Phil, definitely file with the PUC. We had success with the Kentucky PSC on a similar LG&E master meter issue. The key is demanding the actual meter test records and any maintenance logs. Utilities are required to keep those records and provide them during disputes. Also check if your complex qualifies for any low-income or affordable housing rate protections - those sometimes limit back-billing periods. $47k is significant enough that you might want to hire an expert witness if it goes to hearing.
Had almost the exact same situation with Dominion Virginia Power last year on a 95-unit complex in Richmond. They claimed billing errors going back 20 months totaling $31,000. Turned out the meter reader was consistently misreading the demand dial - reading it as 10x what it should have been. We got it knocked down to 6 months back-billing and about $8,000 total. Document everything and don't let them rush you into accepting their numbers without verification.
Update: PECO finally admitted the CT ratio was programmed wrong in their billing system. They had it set at 800:5 instead of 400:5, so demand was being doubled. Got the back-billing reduced to 12 months and $18,500. Still fighting over interest charges but at least it's manageable now. Phil G. and Jack, your advice about the PUC complaint definitely helped - they took it seriously once I filed.

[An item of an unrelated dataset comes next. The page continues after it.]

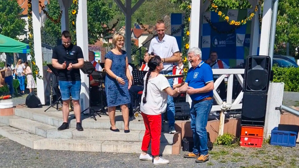 Zum 2. Mal feierte die Ortschaft Ilfeld ihr Maibaumfest zusammen mit der WBG Südharz und weil es im letzten Jahr so schön war, hat die WBG Südharz in diesem Jahr auch ihre Mieter aus dem Ortsteil Niedersachswerfen persönlich mit nach Ilfeld eingeladen.

Glad you got some relief Phil. We've seen similar CT programming errors with FirstEnergy here in Cleveland. The problem is these master-metered apartments often get overlooked during meter upgrades and system changes. Property managers don't always catch billing discrepancies right away like commercial customers do. Worth setting up some kind of monthly bill analysis process to catch these things earlier.